» **Problem to work on**:
Repeat the data exactly as given below, dropping every picture.

» **Data shown**:
——————————

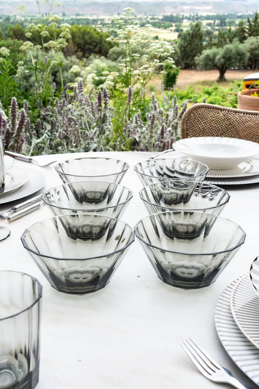 Set de seis cuencos de nuestra cristalería acrílica en tono gris que combina el aspecto del vidrio con la durabilidad del acrílico.
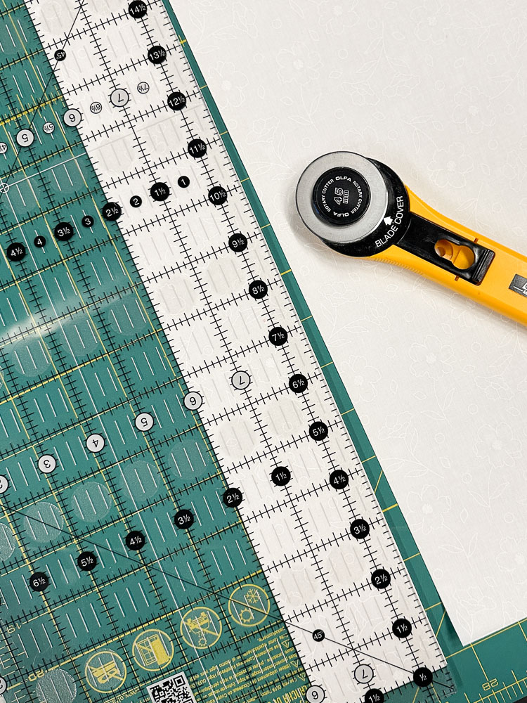 Supplies: • Spray Starch • Rotary cutter / mat • Ruler • Iron / Ironing board • Marking tool Pins |
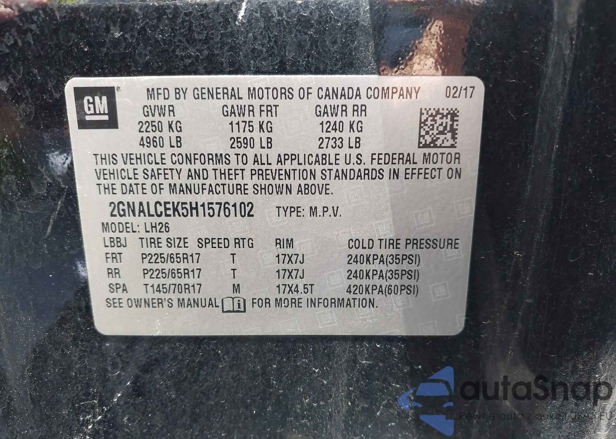 VIN: 2GNALCEK5H1576102

——————————

» **Output below**:
 Set de seis cuencos de nuestra cristalería acrílica en tono gris que combina el aspecto del vidrio con la durabilidad del acrílico.
 Supplies: • Spray Starch • Rotary cutter / mat • Ruler • Iron / Ironing board • Marking tool Pins |
 VIN: 2GNALCEK5H1576102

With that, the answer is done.